### Prompt
Everything from the line containing "秋冬シーズンにぴったりの厚底ショートブーツです。" through the last line of the entries needs to be repeated exactly. Pictures must be left out.
*** Opening Data extract ***
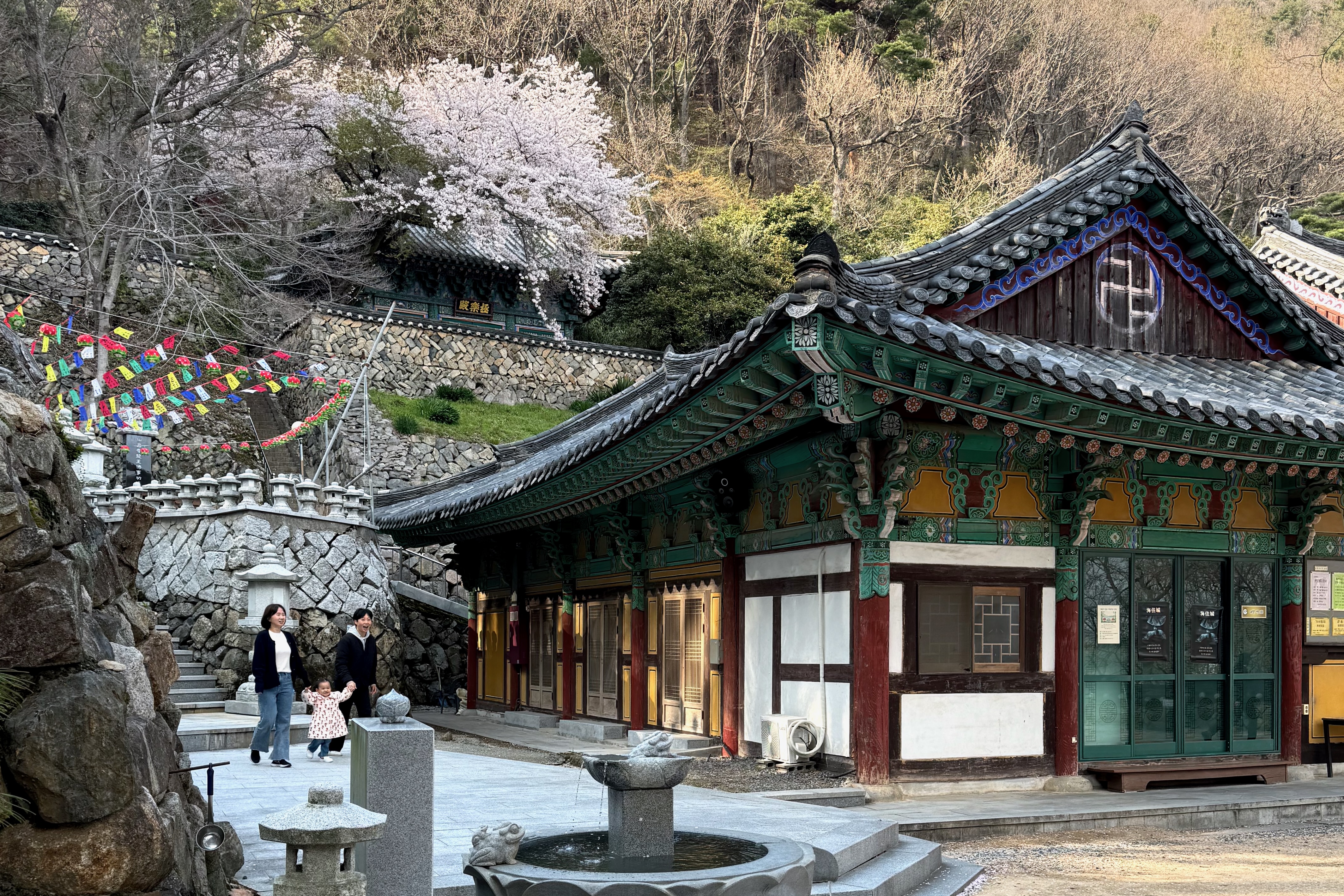 We headed to Mount Baekyang (Baekyang-san, 백양산) as it’s accessible by subway from our apartment in Seomyeon and there are multiple trails and notable temples on it. After arriving at Gunam station (구남역), we got a snack at Paris Baguette – which, despite its name, is actually a South Korean bakery chain. From there, we walked to Gwaneum Temple (Gwaneum-sa, 관음사).
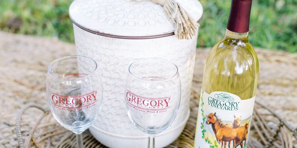 We have a large variety of Muscadine Wines to choose from dry, semi-sweet, and sweet. Our Gregory Vineyards wine glasses are the perfect keepsake.
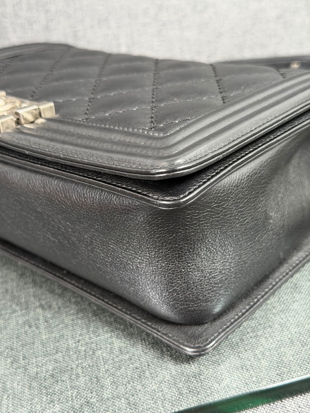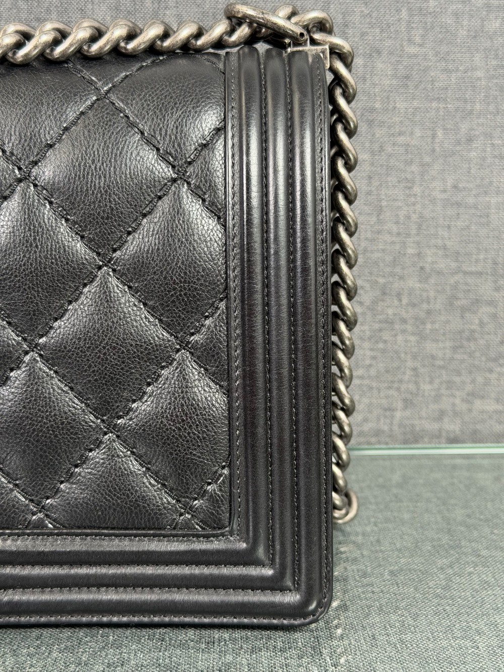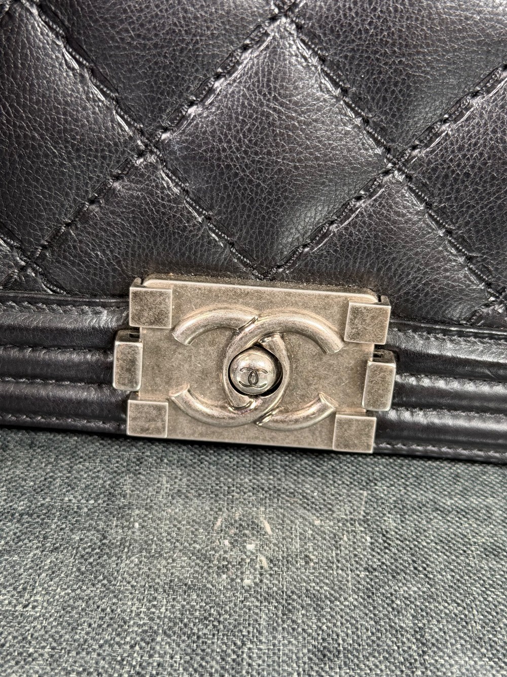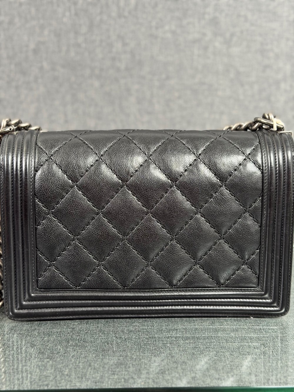 This is an authentic CHANEL Calfskin Embossed Stitch Large Boy Flap in Black. This chic shoulder bag is crafted of stitched diamond quilted calfskin leather in black. The bag features an aged ruthenium chain link shoulder strap with a leather shoulder pad, and a matching ruthenium boy CC push lock on the crossover flap. This opens the bag to a black fabric interior with a patch pocket.
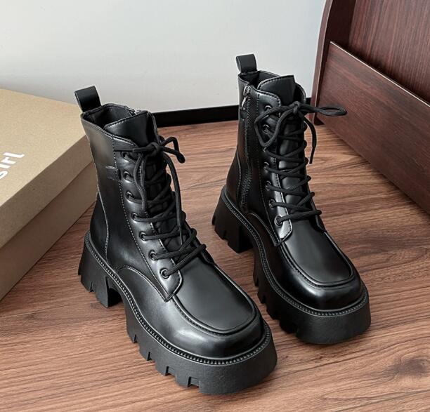 秋冬シーズンにぴったりの厚底ショートブーツです。
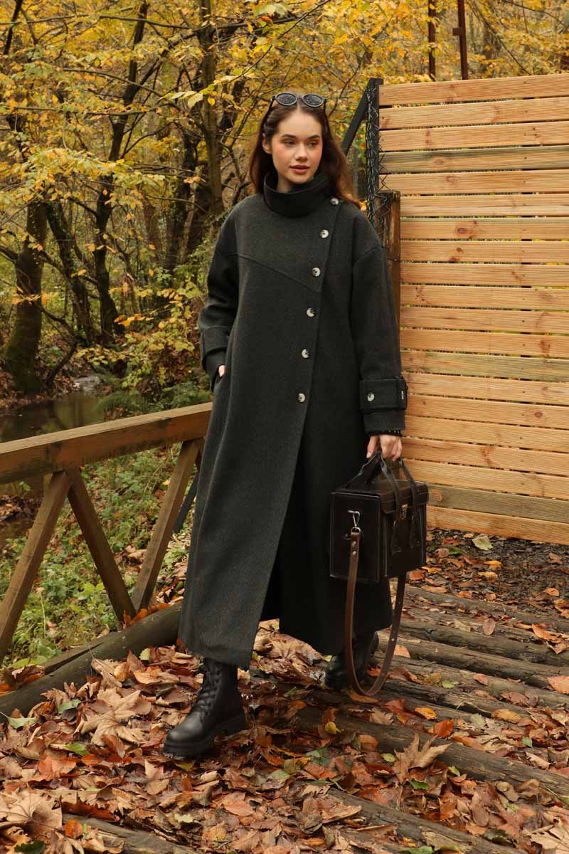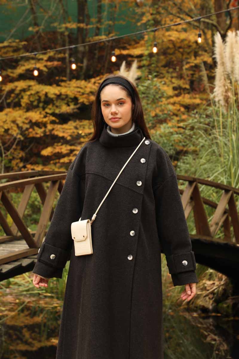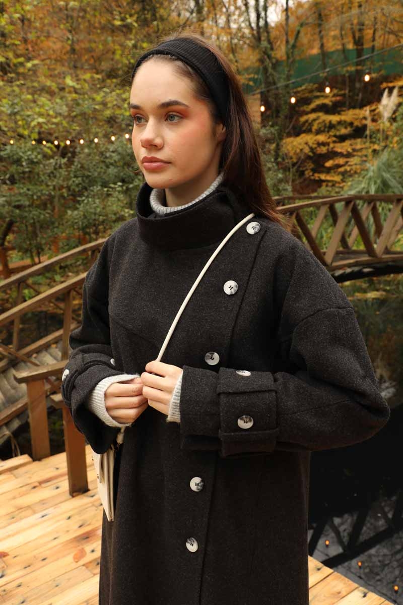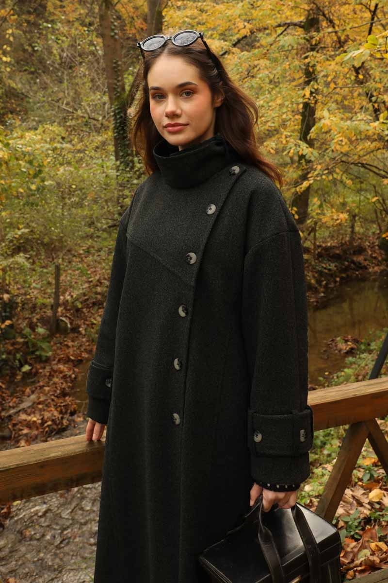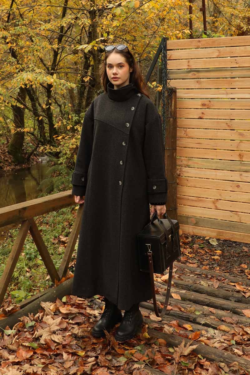 Dik Yaka Kruvaze Kaban Melanj SiyahZulays. Yakdan ince apolet detaylıdır, kruvaze kapama ve düğmelidir, yaka düğmesi açılıp kullanılabilir, dilerseniz bisiklet yaka ve dik yaka olarakta kullanabilirsiniz. Düşük kolludur, kalın maşetlidir, önden dikiş detaylıdır, yandan gizli ceplidir, astarlıdır, Günlük kullanım ve özel günlerinizde tercih edebilirsiniz.
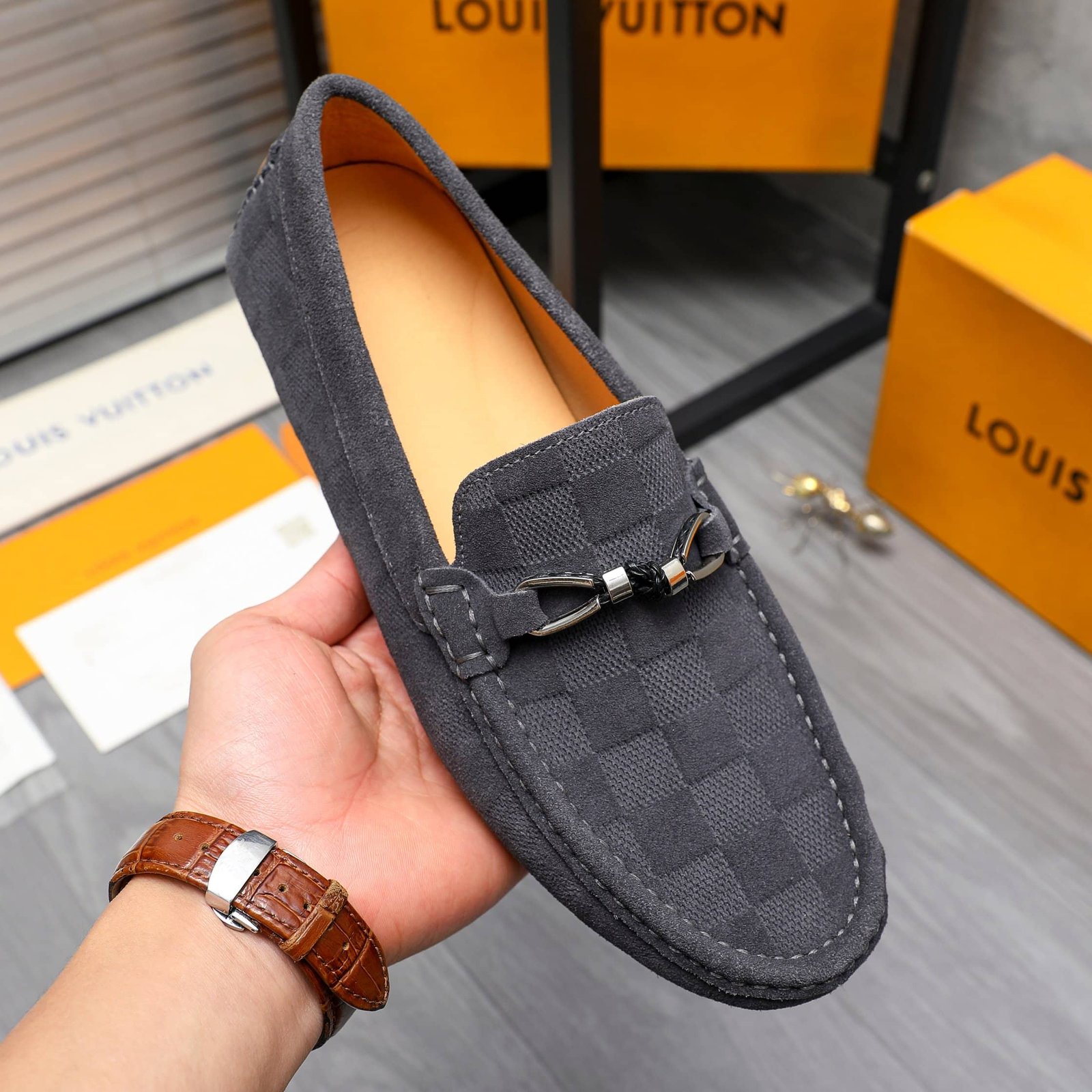 Be the first to review “Louis Vuitton Lv Damier Suede Leather Loafers In Grey” Cancel reply
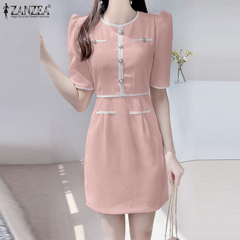 ZANZEA женское летнее короткое платье с круглым вырезом и коротким рукавом контрастного цвета с кружевной талией
*** Closing Data extract ***
### Solution to this exercise
 秋冬シーズンにぴったりの厚底ショートブーツです。
 Dik Yaka Kruvaze Kaban Melanj SiyahZulays. Yakdan ince apolet detaylıdır, kruvaze kapama ve düğmelidir, yaka düğmesi açılıp kullanılabilir, dilerseniz bisiklet yaka ve dik yaka olarakta kullanabilirsiniz. Düşük kolludur, kalın maşetlidir, önden dikiş detaylıdır, yandan gizli ceplidir, astarlıdır, Günlük kullanım ve özel günlerinizde tercih edebilirsiniz.
 Be the first to review “Louis Vuitton Lv Damier Suede Leather Loafers In Grey” Cancel reply
 ZANZEA женское летнее короткое платье с круглым вырезом и коротким рукавом контрастного цвета с кружевной талией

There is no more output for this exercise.